INSTRUCTIONS FOR THE TASK :: Quote the material exactly from the line that contains "Japanese Yin Yang" through its last line. Any pictures are to be left out.

EXERCISE DATA ::
= Beginning of Section =
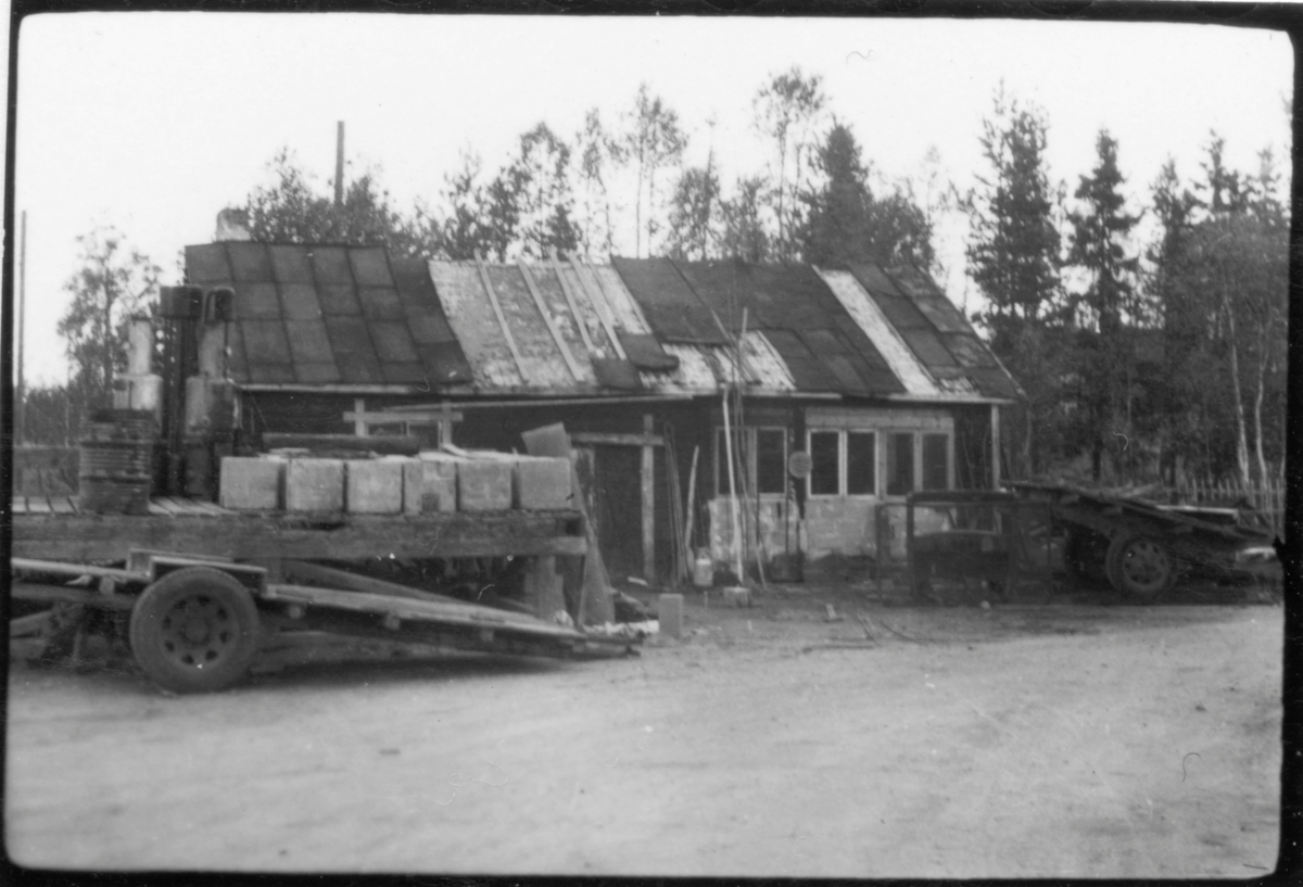 Vägstation AC11, Jörn. Byggnad, eventuellt gammal smedja. Upplag av diverse materiel utanför, "skrot". Släpkärra till lastbil.
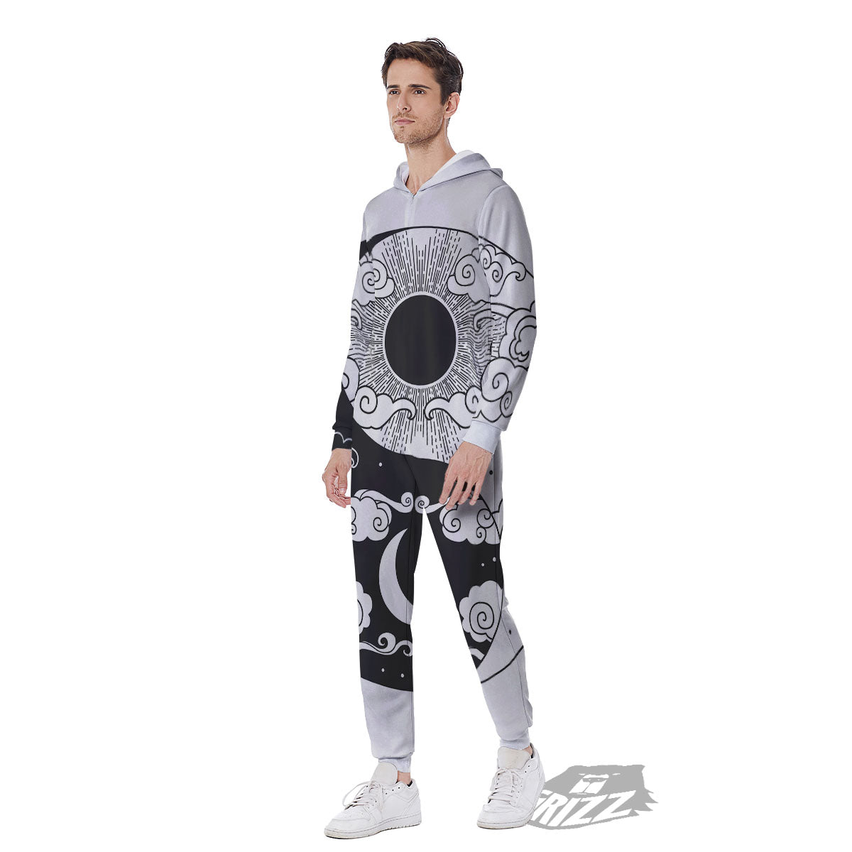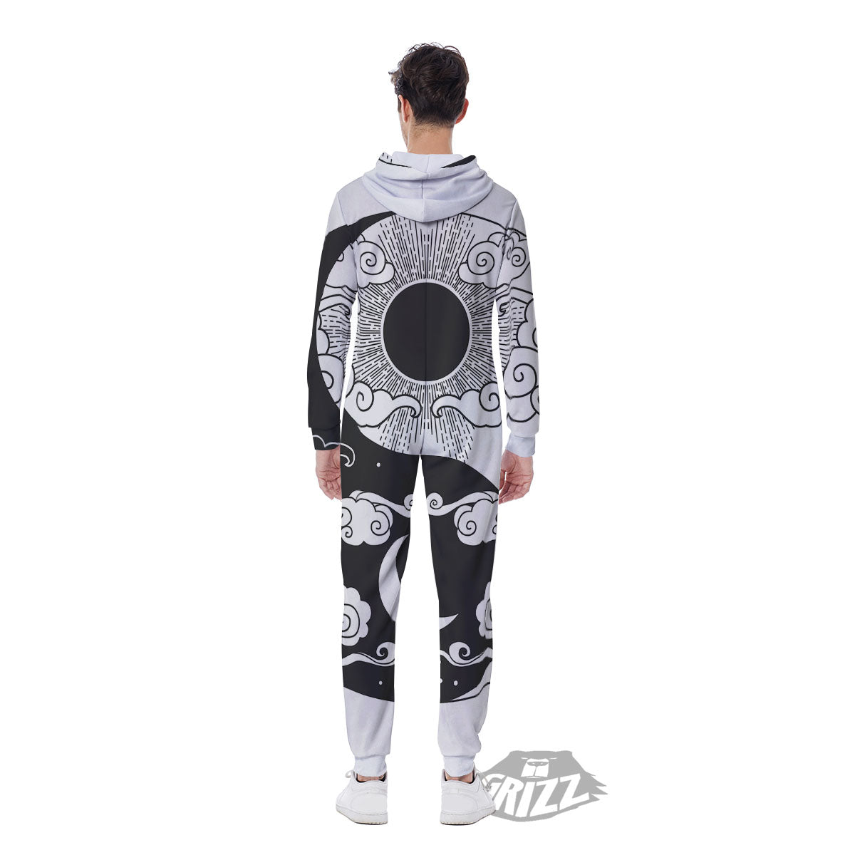 Japanese Yin Yang White And Black Print Men's Jumpsuit
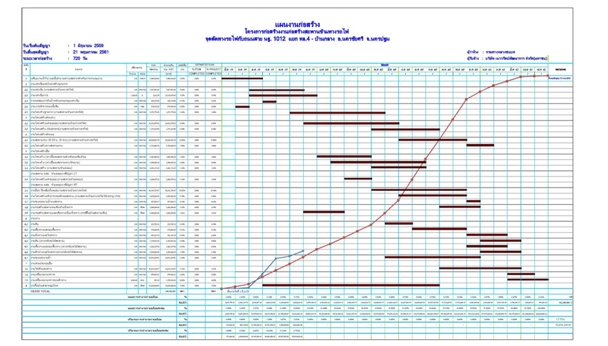 ที่ปรึกษาได้ติดตามความก้าวหน้าของงาน และนำมาจัดทำเป็น S-CURVE เปรียบเทียบกันระหว่างแผนงานและผลงานก่อสร้าง ดังรูปที่ 2.2-1
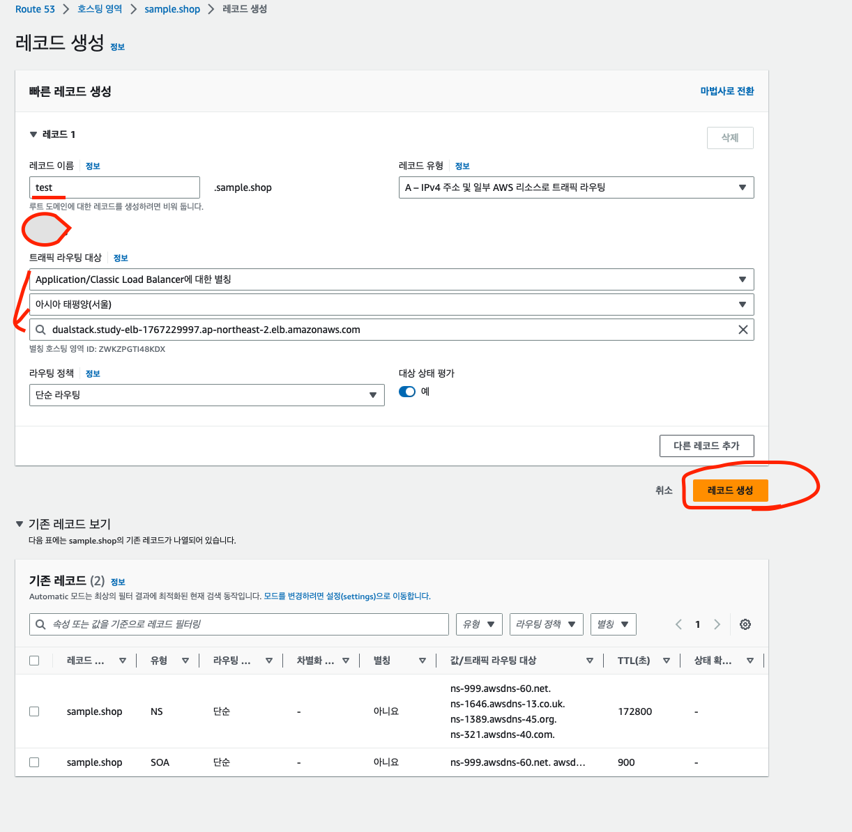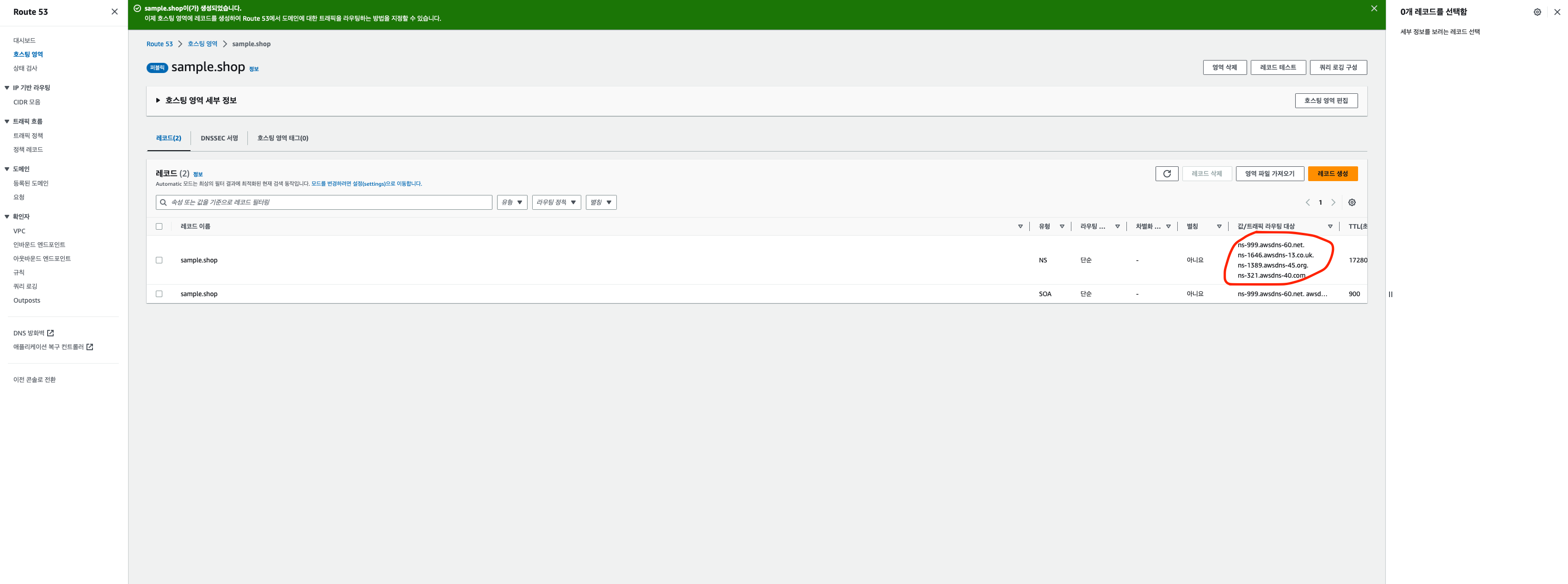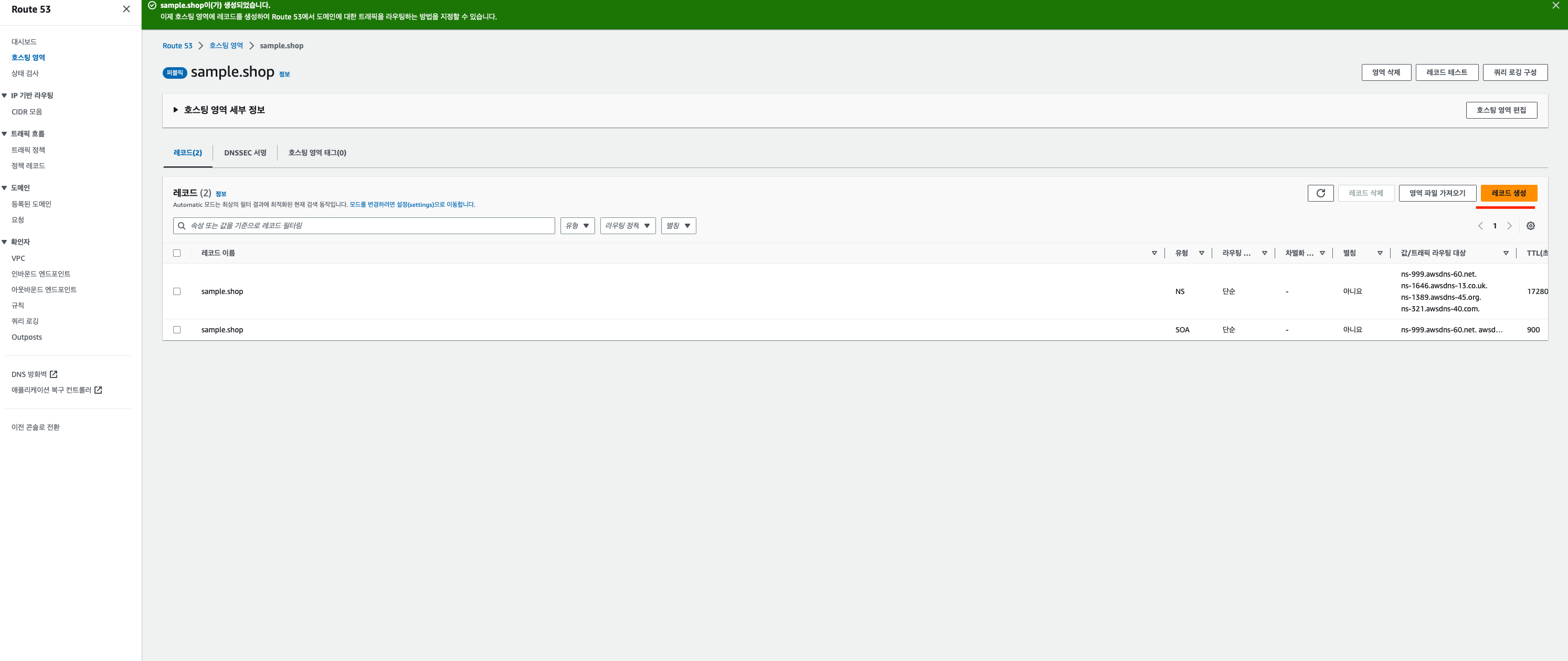 6. 도메인 체크 후 [레코드 생성] 버튼을 눌러줍니다.
= End of Section =
WRITTEN SOLUTION ::
 Japanese Yin Yang White And Black Print Men's Jumpsuit
 ที่ปรึกษาได้ติดตามความก้าวหน้าของงาน และนำมาจัดทำเป็น S-CURVE เปรียบเทียบกันระหว่างแผนงานและผลงานก่อสร้าง ดังรูปที่ 2.2-1
 6. 도메인 체크 후 [레코드 생성] 버튼을 눌러줍니다.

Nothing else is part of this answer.